Education inspectors Ofsted will today publish the findings of ‘Trojan Horse’ investigations into alleged extremism in 21 Birmingham schools.
Prime minister David Cameron this morning revealed plans to grant Ofsted powers to inspect schools ‘at no notice’ and demanded a ‘robust response’ to reports of Islamic extremism in Birmingham schools made in a ‘Trojan Horse’ letter late last year.
A special meeting of the Government’s Extremism Taskforce – whose members include communities secretary Eric Pickles - was held this morning to discuss the implications of the school review.
Findings from the Education Funding Agency suggest inspection notice periods were used to put on ‘hastily arranged shows of cultural inclusivity’.
According to reports, up to six of the inspected schools will be deemed ‘inadequate’ by inspectors. This morning, three schools were placed into special measures.
A statement from Park View Educational Trust said it ‘wholeheartedly’ disputed the ‘inadequate’ rating awarded to Park View, Golden Hillock and Nansen schools.
Cameron said: ‘Protecting our children is one of the first duties of government and that is why the issue of alleged Islamist extremism in Birmingham schools demands a robust response.
‘The Education Secretary will now ask Sir Michael Wilshaw to look into allowing any school to be inspected at no notice, stopping schools having the opportunity to cover up activities which have no place in our society.

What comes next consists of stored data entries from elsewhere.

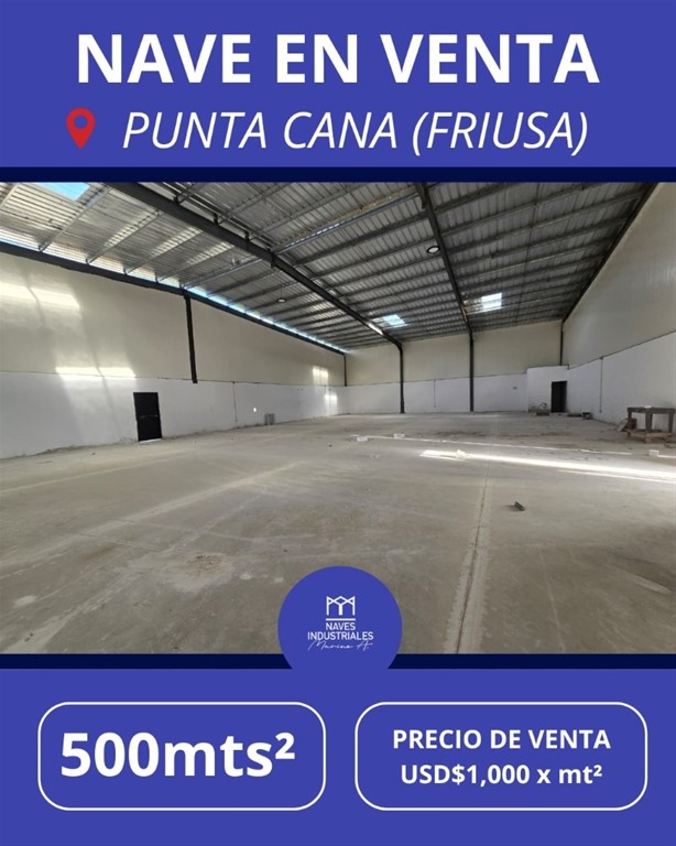 TU MEJOR INVERSIÓN ?? Nave en Venta???? ?? Ubicación Estratégica – Punta Cana, Friusa ?? 500mts² ?? Precio de Venta: USD$1,000 x mt² ? AMENIDADES: ? Excelente acceso?? ? Imagen Comercial e Industrial ?? Doble Altura ?? Baños ?? ? Verja Perímetral ? Parqueos ? Luz y Agua 24/7 ???? ? Todos los servicios ?? ?? Otras opciones similares en la zona con diversos metrajes y precios. ?? Naves Industriales MarinoA. ?? 829-838-8000 ?? Tenemos 13 años en el ámbito comercial e industrial. ?? Contamos con una gran variedad de naves y solares de diferentes tamaños, precios y ubicaciones.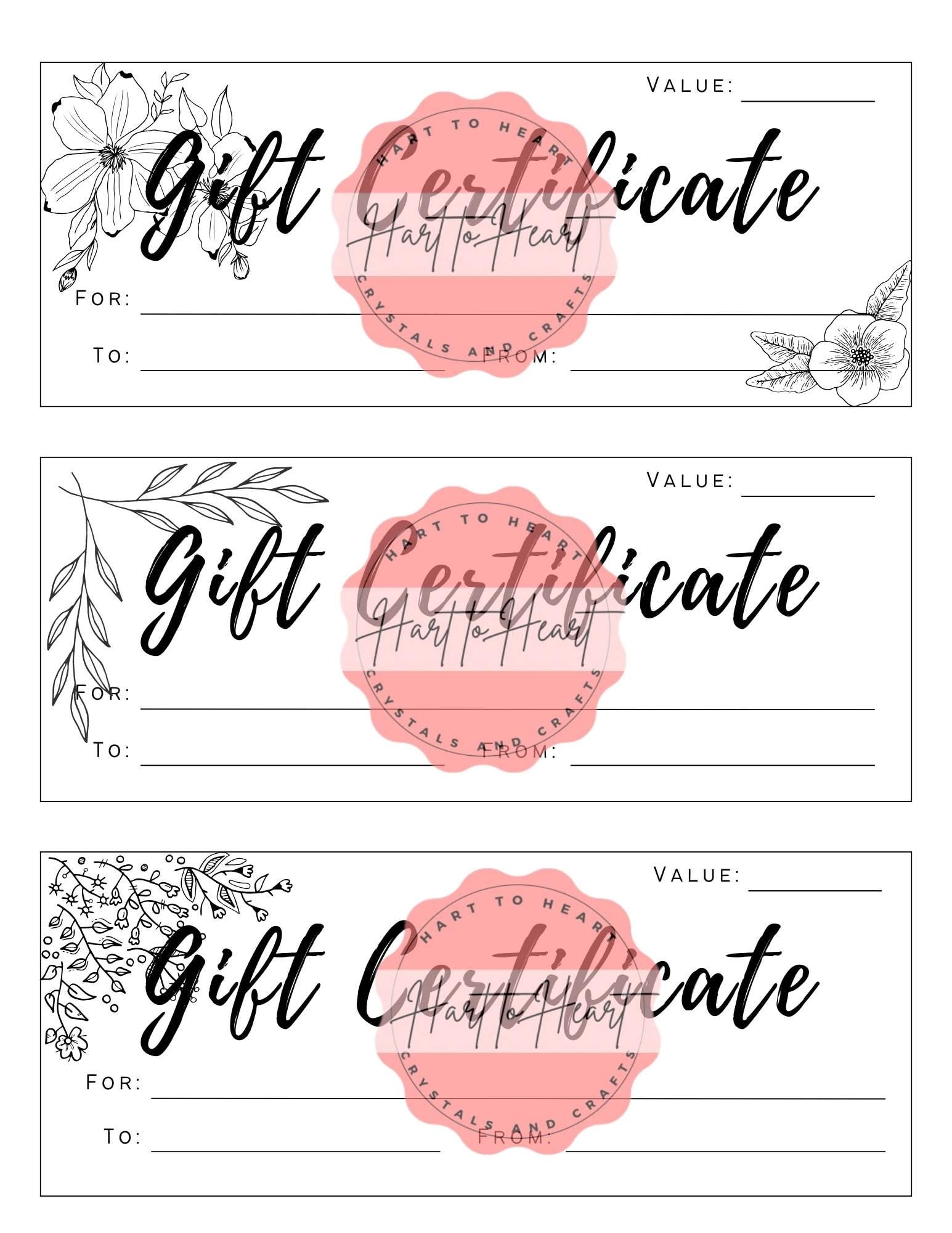 Blank Gift Certificates Simple Flower Lines Etsy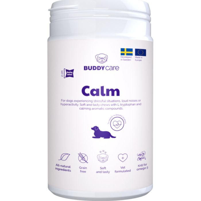 BuddyCare Calm Chews är framtagna för att hjälpa din hund att vara lugn och avslappnad. Calm Chews är berikade med krillprotein, magnesium och inaktiverad jäst, och tuggbenen är framtagna för att främja en känsla av lugn och välbefinnande.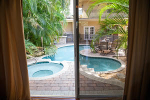 This updated courtyard home for luxury lifestyle without costly membership dues. High volume ceiling enhances brightness and spaciousness for the whole family's enjoyment. New roof in 2015. Exterior freshly painted. Gas heated swimming pool equipment is updated and the pool is resurfaced. Rear yard can accommodate a childrens' play set and pets. Summer kitchen is perfect for outdoor entertaining. Separate guest house with bedroom and full bath. Custom made office with own entrance. Master suite overlooking the tropical landscaped pool & waterfall area. A + schools. Seasons is a fabulous non-equity community with clubhouse, catering kitchen, fitness center, eight Har-tru tennis court, olympic size swimming pool , spa, kiddie pool, playground and lighted basketball court.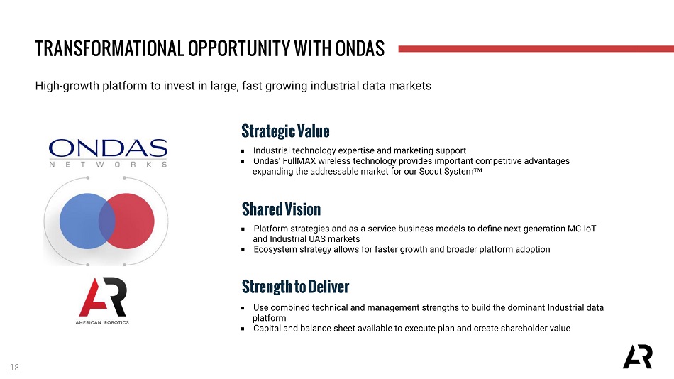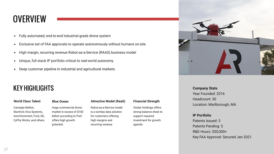 Company Stats Year Founded: 2016 Headcount: 30 Location: Marlborough, MA IP Portfolio Patents Issued: 3 Patents Pending: 5 R&D Hours: 200,000+ Key FAA Approval: Secured Jan 2021 OVERVIEW Fully automated, end - to - end industrial - grade drone system Exclusive set of FAA approvals to operate autonomously without humans on - site High margin, recurring revenue Robot - as - a - Service (RAAS) business model Unique, full stack IP portfolio critical to real - world autonomy Deep customer pipeline in industrial and agricultural markets KEY HIGHLIGHTS World Class Talent Carnegie Mellon, Stanford, Kiva Systems, AeroVironment, Ford, GE, CyPhy Works, and others 17 Blue Ocean Huge commercial drone market in excess of $100 billion according to PwC offers high growth potential Attractive Model (RaaS) Robot - as - a - Service model is a turnkey data solution for customers offering high margins and recurring revenue Financial Strength Ondas Holdings offers strong balance sheet to support required investment for growth agenda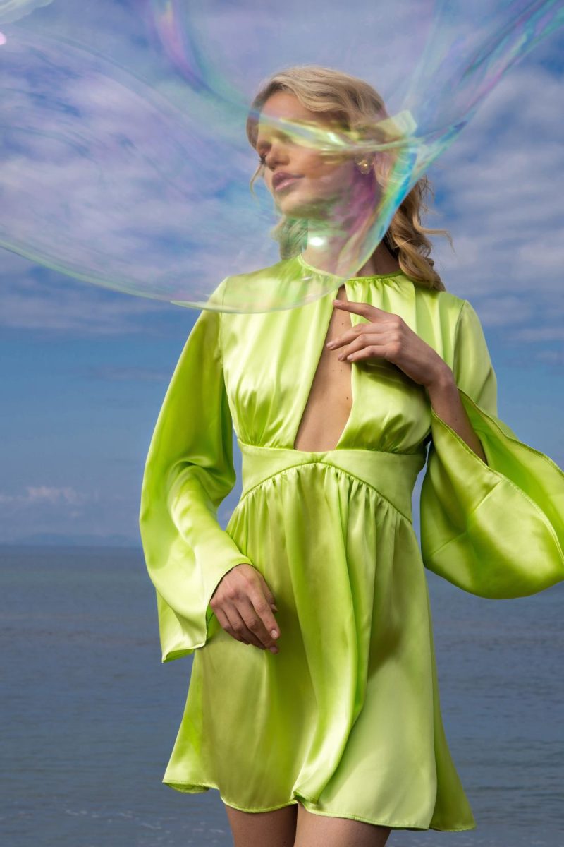 Azrael is a summer satin dress made from 100% silk, it is a luxurious and elegant piece of clothing. Silk is incredibly soft and smooth to the touch and it has a natural sheen that gives it a luxurious appearance.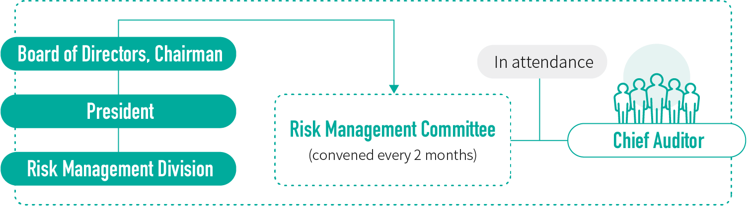 ・We strive to establish a risk reporting mechanism for internal staff through related regulations, such as the Rules for the Regulatory Compliance System, FFHC's Guidelines for Reporting Regulatory Compliance Cases, Implementation Rules for the Internal Audit System, FFHC Incident Reporting Guidelines, Operational Risk Management Guidelines, and Credit Risk Management Guidelines.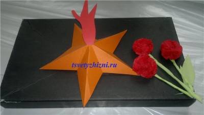 Итак, Вечный огонь — символ неувядающей славы тех, кто сражался за нашу свободу. Наша память об их героизме и подвигах. Наше уважение и благодарность всем павшим в боях, и пережившим эти страшные дни нашей истории… А для поделки нам понадобится: - двусторонняя цветная бумага - столовые салфетки красного и зеленого цветов - зубочистки или шпажки - ножницы - клей - крышка от обувной коробки. Берем крышку от обувной коробки. Обклеиваем ее черной бумагой (можно раскрасить красками, или оставить без изменения, если она черного цвета). Это наш будущий постамент для Вечного огня. А из бумаги красного цвета вырезаем огонь. В центре звезды делаем небольшое отверстие и продеваем туда огонь. Чтобы «огонь» держался с обратной стороны делаем небольшой разрез и приклеиваем его к внутренней стороны звезды. Саму звезду приклеиваем в центр коробки. Делаем гвоздики. Для этого берем столовую салфетку. Как правило, каждая салфетка имеет три слоя. Разделяем ее на три тоненькие салфетки. Берем одну и складываем ее пополам. Потом еще пополам. Получаем квадрат. Если предварительно сложить вместе не одну, а два разделенных слоя салфетки, то на этом этапе уже можно вырезать гвоздику. Она будет более крупной формы. Но мне нужны были гвоздики поменьше. Поэтому складываем салфетку еще дважды. Получается вот такой квадратик, центр которого скрепляем степлером. Вырезаем круг. Немного распушить края. Делаем по кругу надрезы, не дорезая до середины. Распушить края и немного приподнять к центру. Все гвоздика готова. Зубочистки или маленькие шпажки нужно обернуть зеленой салфеткой и склеить края. Также вырезаем листики. Клеим получившиеся стебельки цветов возле звезды на коробку. Сверху — приклеиваем головки наших цветов. Вот такой Вечный огонь не только украсит комнату, но и послужит прекрасным обучающим материалом, и подарком для ветерана.

Education secretary Michael Gove said: ‘We have to ensure children are safe in our schools. Evidence uncovered in Birmingham clearly indicates that schools have used the notice they have been given of inspections to evade proper scrutiny. Sir Michael Wilshaw will now examine the practicalities of moving to a position where all schools know they may face an unannounced inspection.’